If physicians can find a diagnosis and a logical explanation for the parents, then genetic counseling is offered at
the Birth Defects Center, which holds a clinic every Wednesday morning at Children’s Medical Center. When possible,
members of the team, which also includes speech pathologist Fran McEwen, registered nurse Betty Logan and child
psychologist Don Baer, offer aid to the families themselves or, if necessary, refer them to other clinics at
Children’s Medical Center for treatment.

But if the problems are more unusual, sometimes defying an answer, patients are seen at the Genetics Counseling
Clinic, which meets Monday mornings at Children’s Medical Center under the direction of Dr. Joseph L. Goldstein,
head of the Division of Medical Genetics of the Department of Internal Medicine at Southwestern Medical School.

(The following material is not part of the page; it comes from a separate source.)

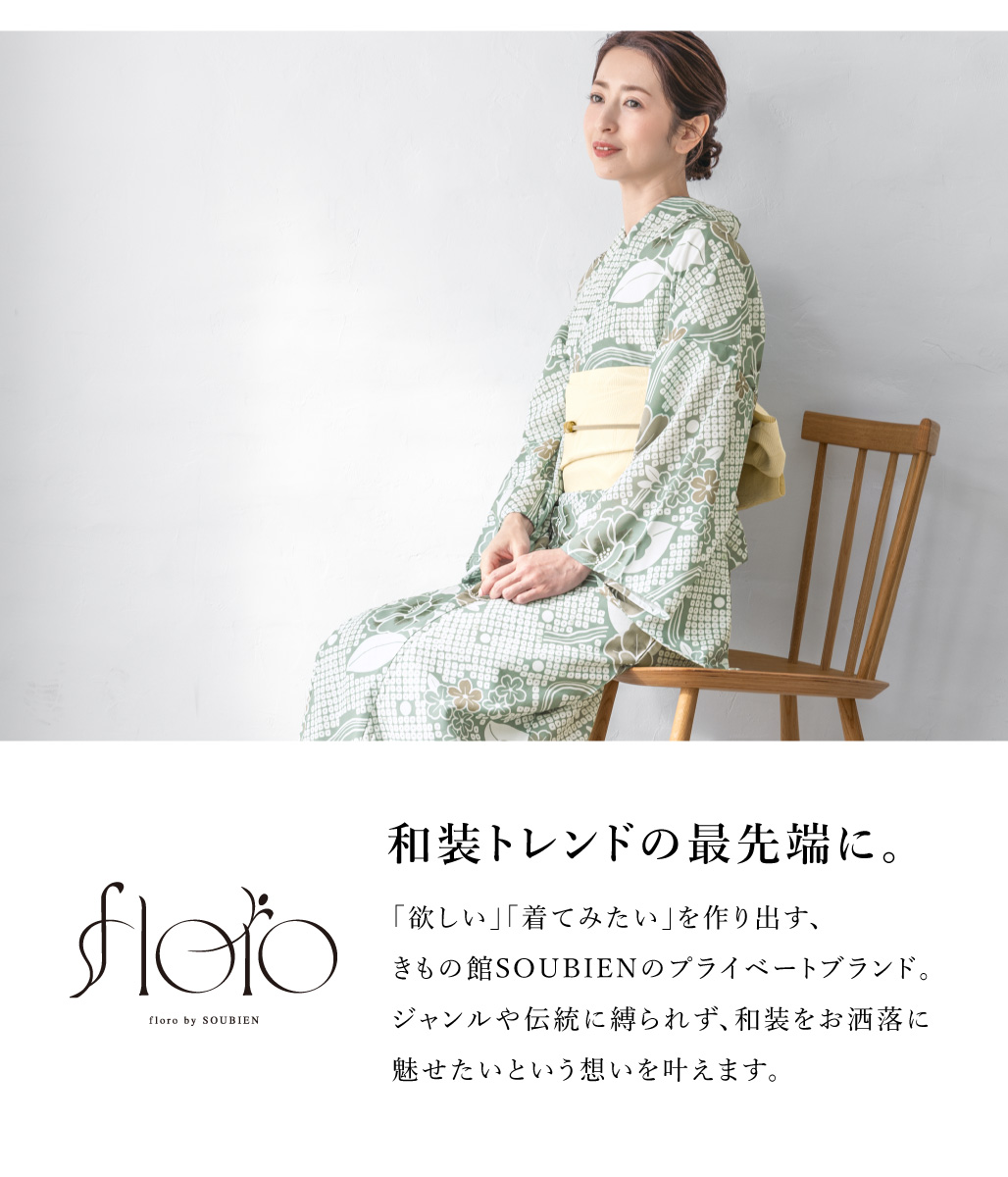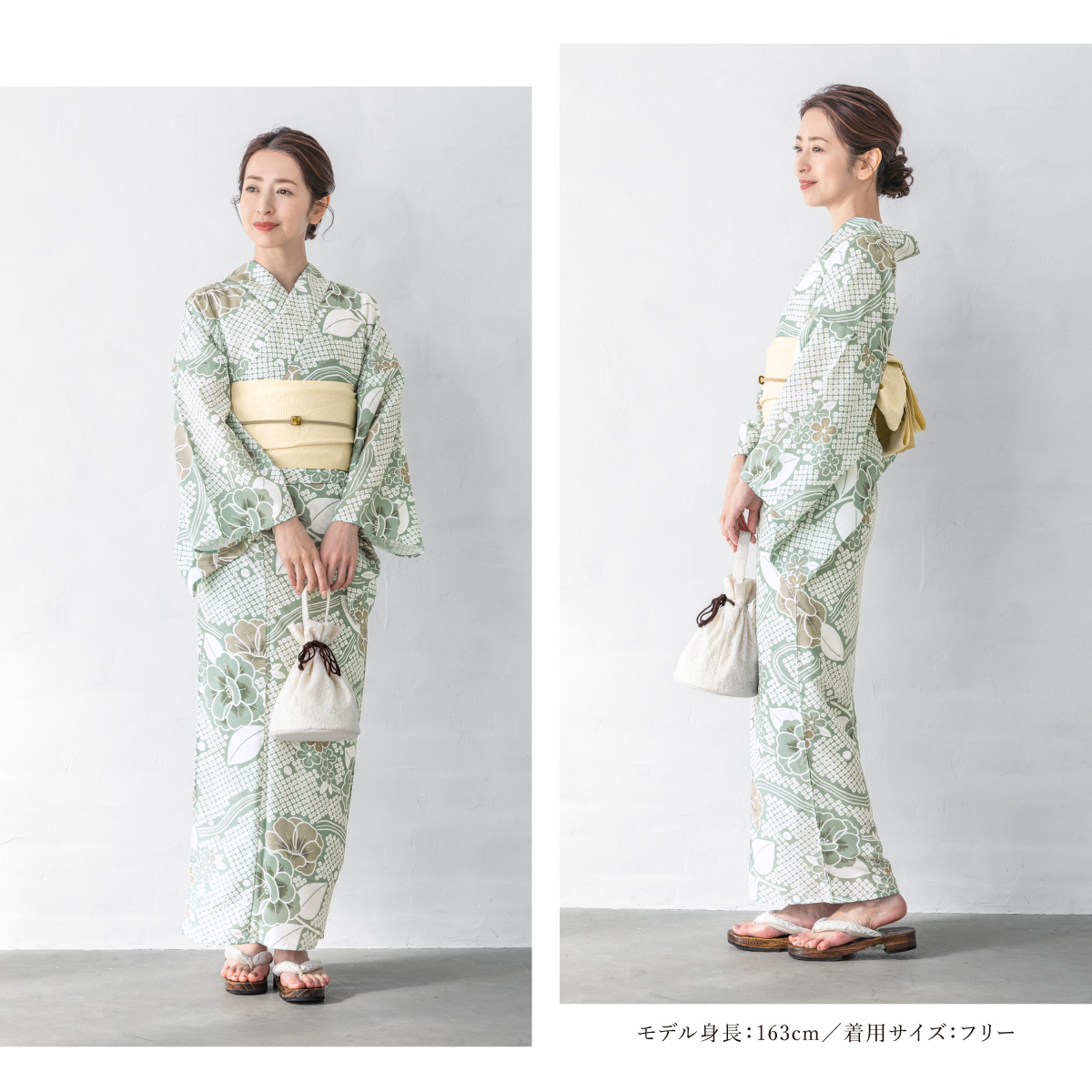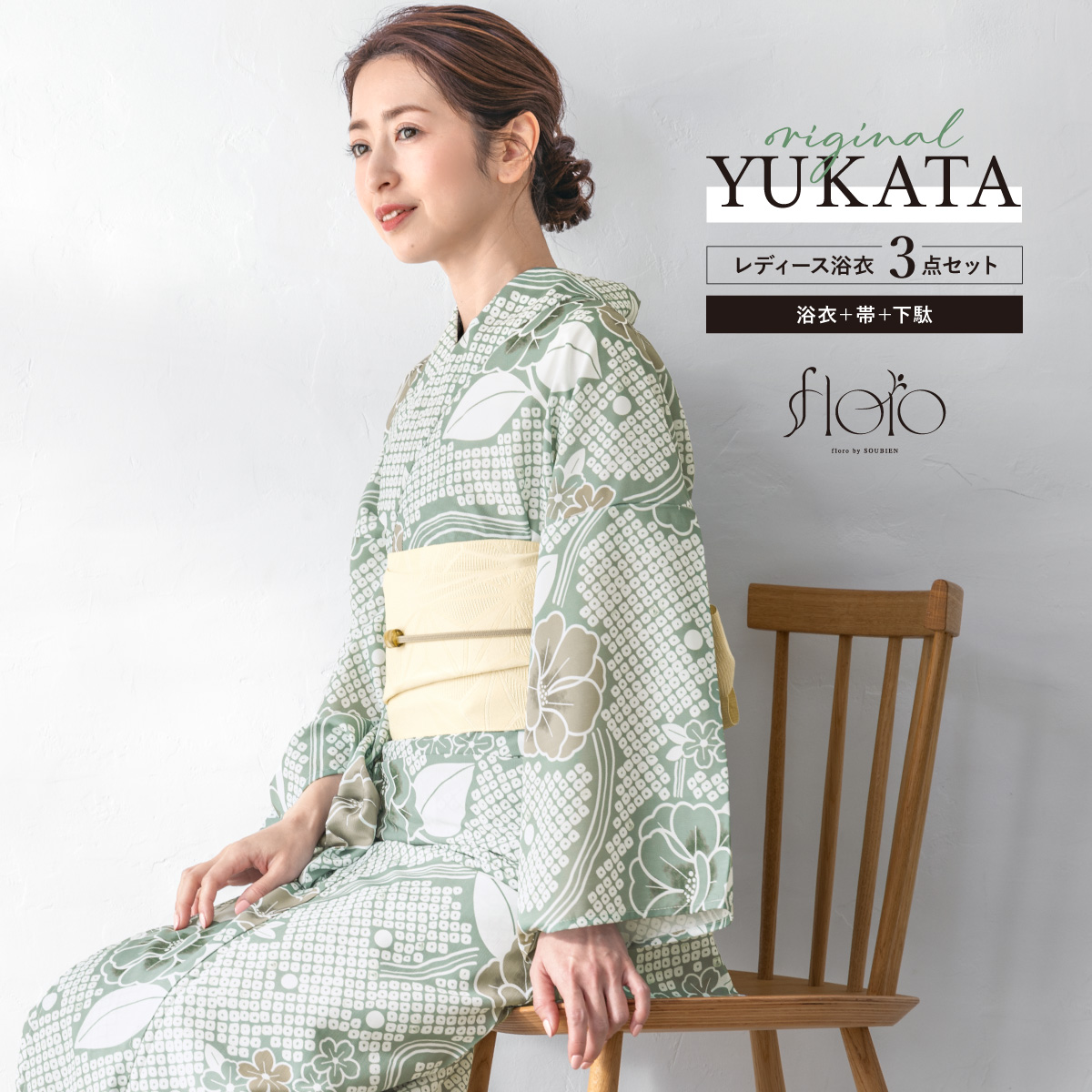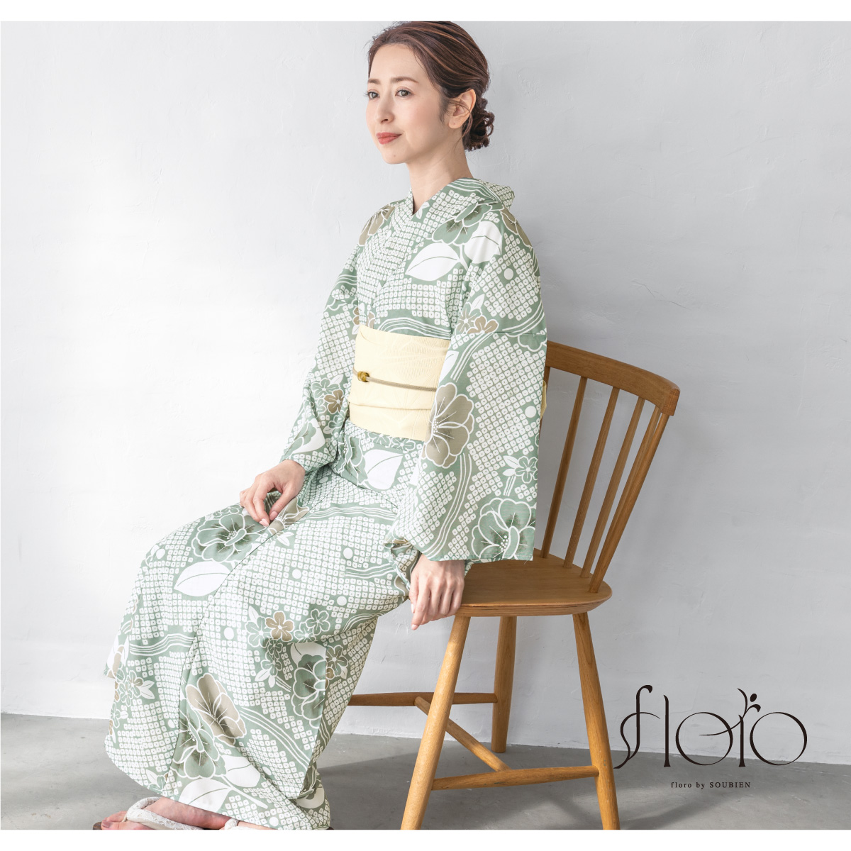 浴衣 レディース セパレート浴衣 二部式浴衣 浴衣セット 夏 大人 F 半幅帯 floro 簡単 緑 白 クリーム 牡丹 花柄 下駄 女性 ゆかた ユカタ モダン 創美苑

Counseling not only assists parents in a terribly difficult period of adjustment, but it occasionally provides
medical science with a slender, fragile thread leading back into the maze of genetic mysteries, hopefully toward
another important answer.

But, according to Dr. Harrod, genetic counseling’s major goal is to prevent the occurrence of birth defects that too
often preclude the healthy start in life that is the right of every child and the hope of every parent.

“Some people have the idea that there should be this great surge to purify humanity,” she says. “To me, genetics is
an individual thing – to help one couple at a time have a healthy baby. That’s more important than anything else.”

Although individual birth defects may seem relatively infrequent – occurring in only about seven percent of all
births – the total number of affected families is well into the millions. And each year, approximately 250,000 more
American babies are born with physical and mental defects of varying severity. Not all of them possess the
terrifying hopelessness of the case of Curtis Thompson. Certainly, not all of them embody the hopeful prognosis of a
Robbie Harville. But in each of them, there is a kind of pain and anguish that is probably unrivaled in any other
disorders known to medicine.

And those millions who have children with birth defects are not really the unusual ones, notes Dr. Harrod, but
merely the unlucky ones. Within the genetic makeup of all of us is a potential horror story, in the form of between
three and five “recessive” genes. If, by some slight chance, we should happen to marry a person who carries any one
of the same “recessive” genes, then our children may also be the unfortunate losers in the gamble the experts call
“genetic roulette.”

It’s that simple. And that complicated.